#### PROBLEM TO WORK ON:
Every line below from the one with "모습<사진제공=포스코 건설> |" through the one with "Обруч хулахуп для" should be retyped exactly, both ends included; no other lines and no pictures.

BEGIN INPUT RECORDS

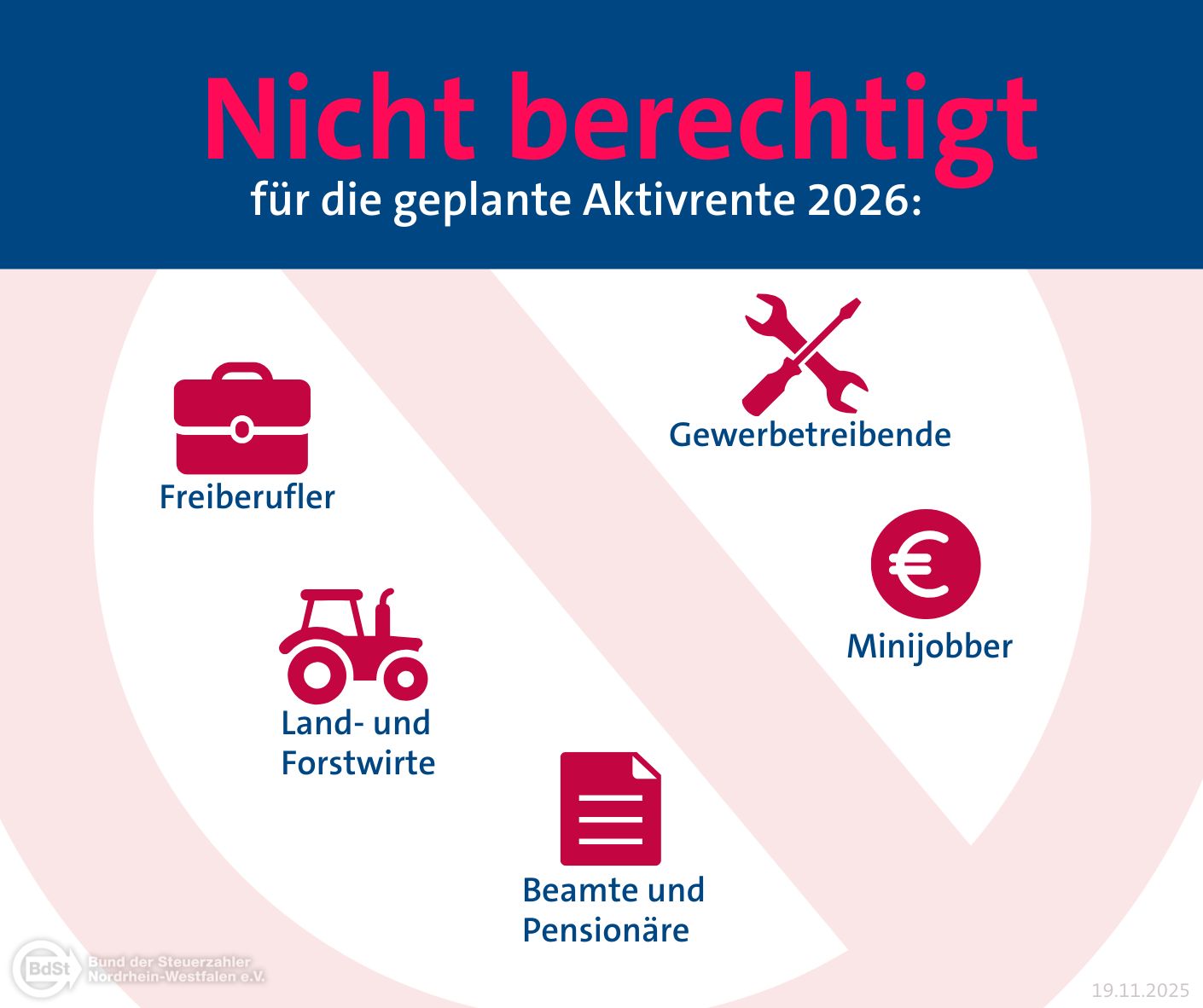 Ab Januar 2026 soll die Aktivrente starten. Das ist ein steuerfreier Zuverdienst für Rentner bis zu 2.000 Euro monatlich. Aber in NRW regt sich massiver Widerstand: Viele Steuerzahler melden sich verärgert beim BdSt NRW, etwa wegen der Ausschlüsse von Selbstständigen. Der BdSt NRW hält die Aktivrente in ihrer jetzigen Form grundsätzlich für nicht sinnvoll. Wenn sie kommt, muss sie zumindest gerecht, praktikabel und verfassungskonform ausgestaltet werden. Warum wir Musterverfahren unterstützen werden, erfahren Sie hier:
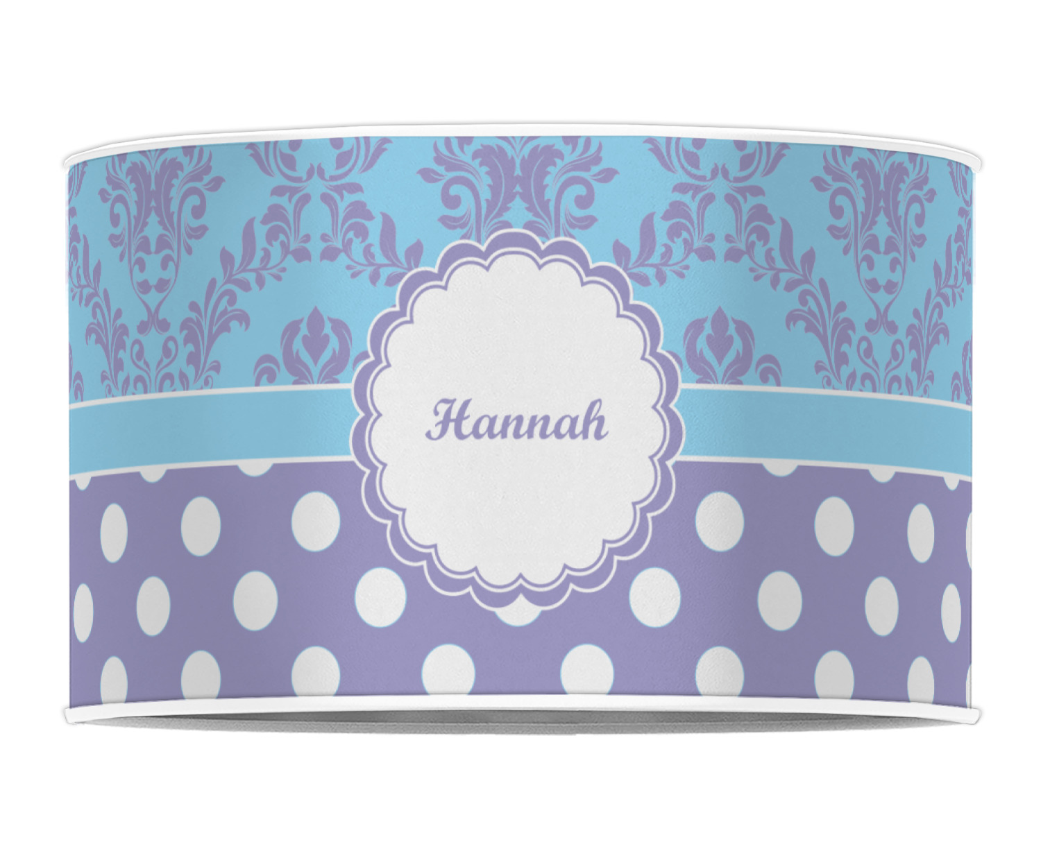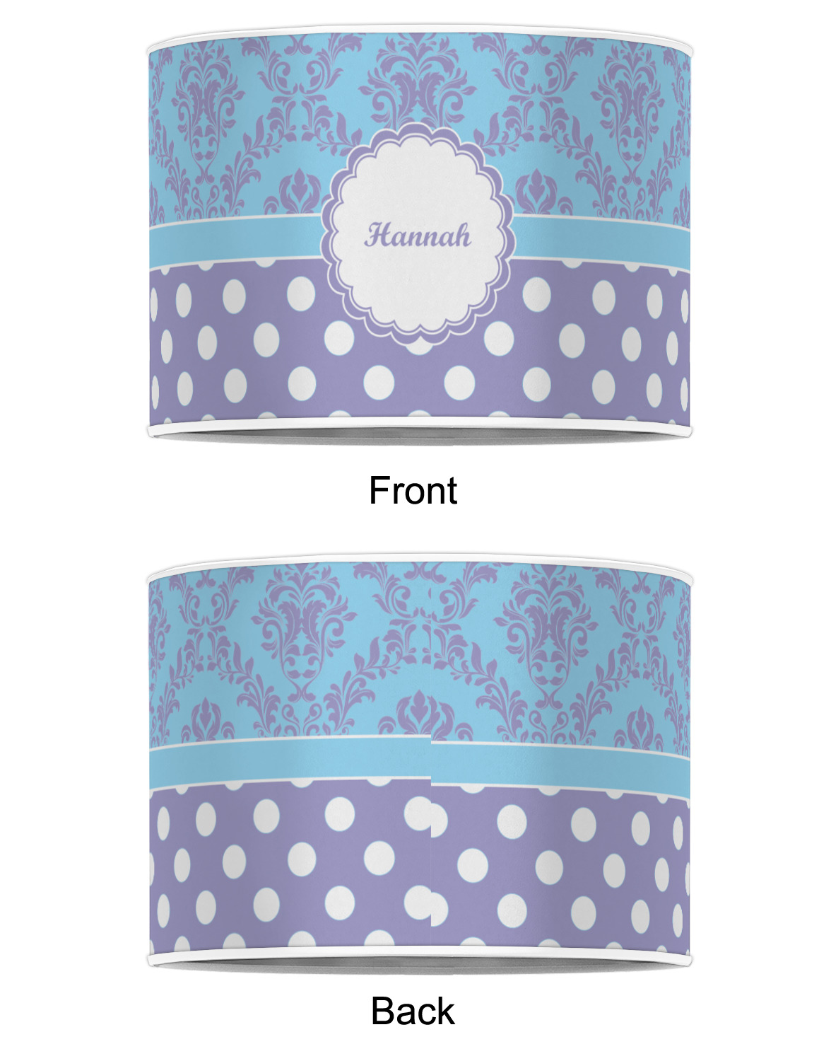 Here is a wonderful damask design with a fun, modern twist. The top of this design features a blue and purple elegant damask. The bottom features a classic design of purple with white polka dots. The two make an adorable combination. The design is completely re-color-able - so you can change any of of the colors and choose from the many many colors in our customization system.
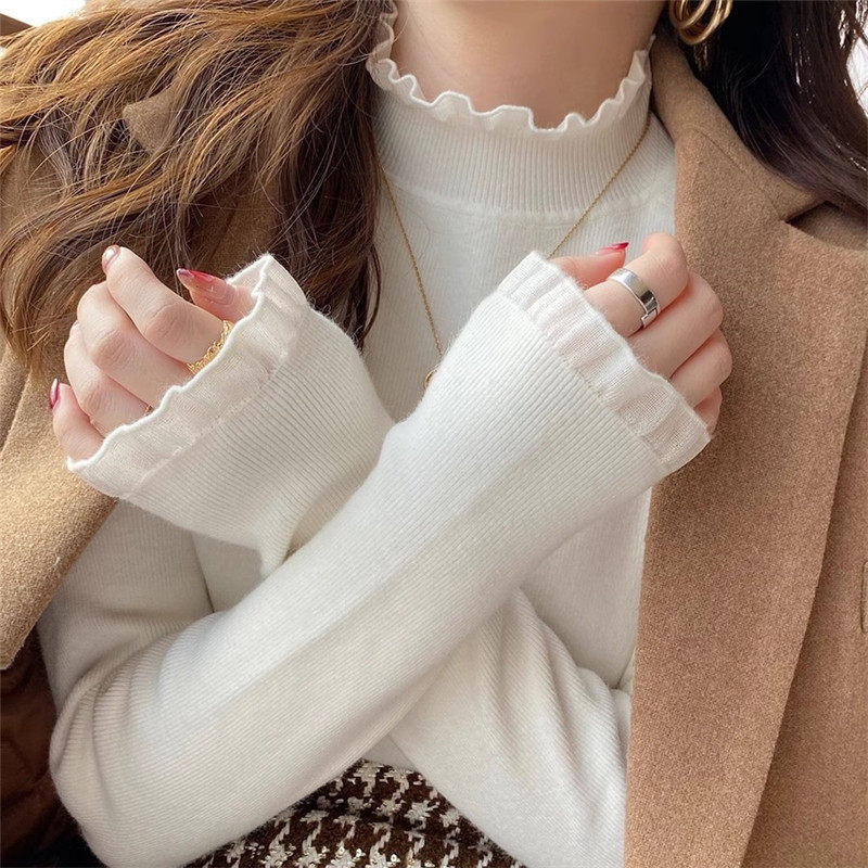 木耳边半高领长袖针织衫女秋冬内搭套头小众打底毛衣设计感上衣潮
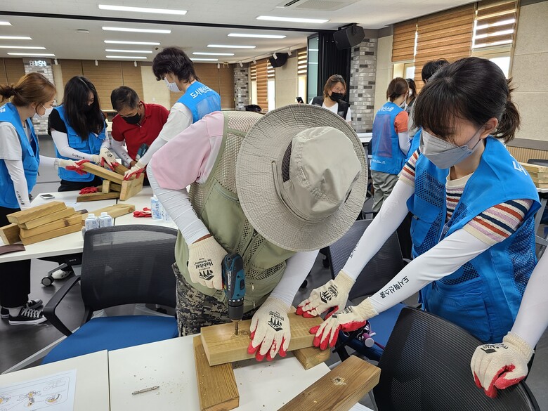 | ▲도시재생프로젝트에 참여한 대학생들이 마을 주민과 함께 직접 의자를 제작하는 모습<사진제공=포스코 건설> |
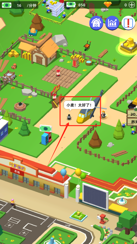 2、看黄色小车喊小麦太好了,左上角显示每分钟赚16金币,现有850金币。
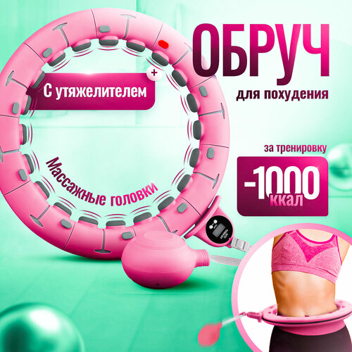 Обруч хулахуп для похудения утяжеленный 1,8 кг массажный, с массажными элементами, диаметр 102 см.
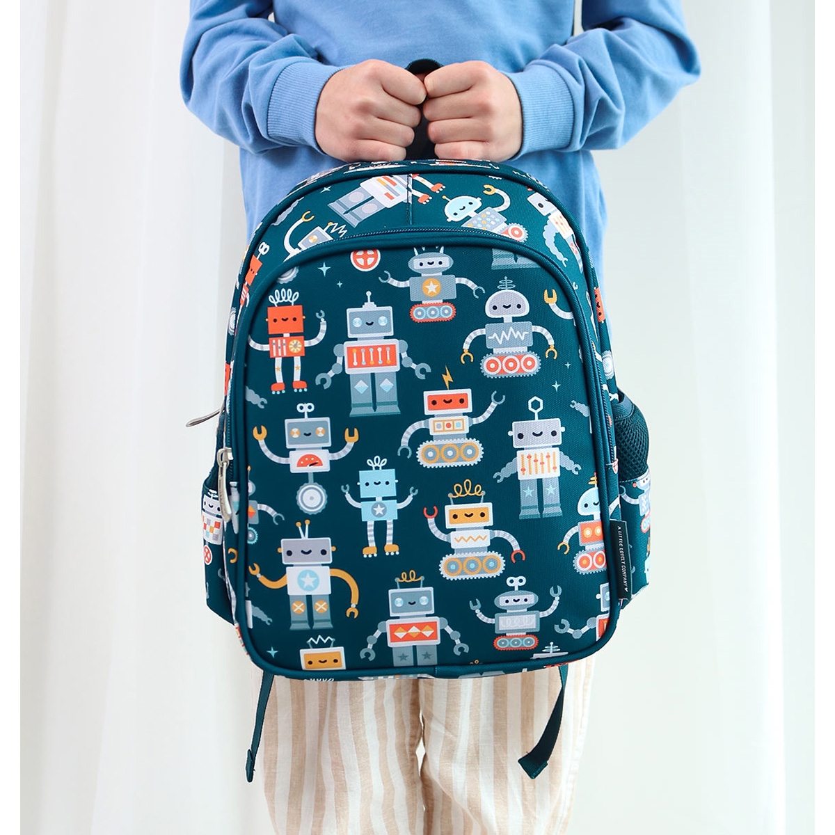 Den här härliga ryggsäcken från A Little Lovely Company har en isolerad främre ficka som ger gott om plats och håller snacks och drycker varma eller kalla. Ryggsäcken har en justerbar bröstrem framtill och vadderade axelremmar för att säkerställa att väskan sitter stadigt. Den är lätt i vikt för att inte kännas tung. Det stora huvudfacket rymmer tillräckligt med plats för skolböcker och leksaker, och har en extra innerficka för till exempel anteckningsböcker eller liknande. De två sidofickorna är perfekta för att rymma vattenflaskor. Den robusta ryggpanelen med stoppning och andningsbart material ger extra komfort. Kylpaket ingår ej.

END INPUT RECORDS

#### RESPONSE AREA:
 | ▲도시재생프로젝트에 참여한 대학생들이 마을 주민과 함께 직접 의자를 제작하는 모습<사진제공=포스코 건설> |
 2、看黄色小车喊小麦太好了,左上角显示每分钟赚16金币,现有850金币。
 Обруч хулахуп для похудения утяжеленный 1,8 кг массажный, с массажными элементами, диаметр 102 см.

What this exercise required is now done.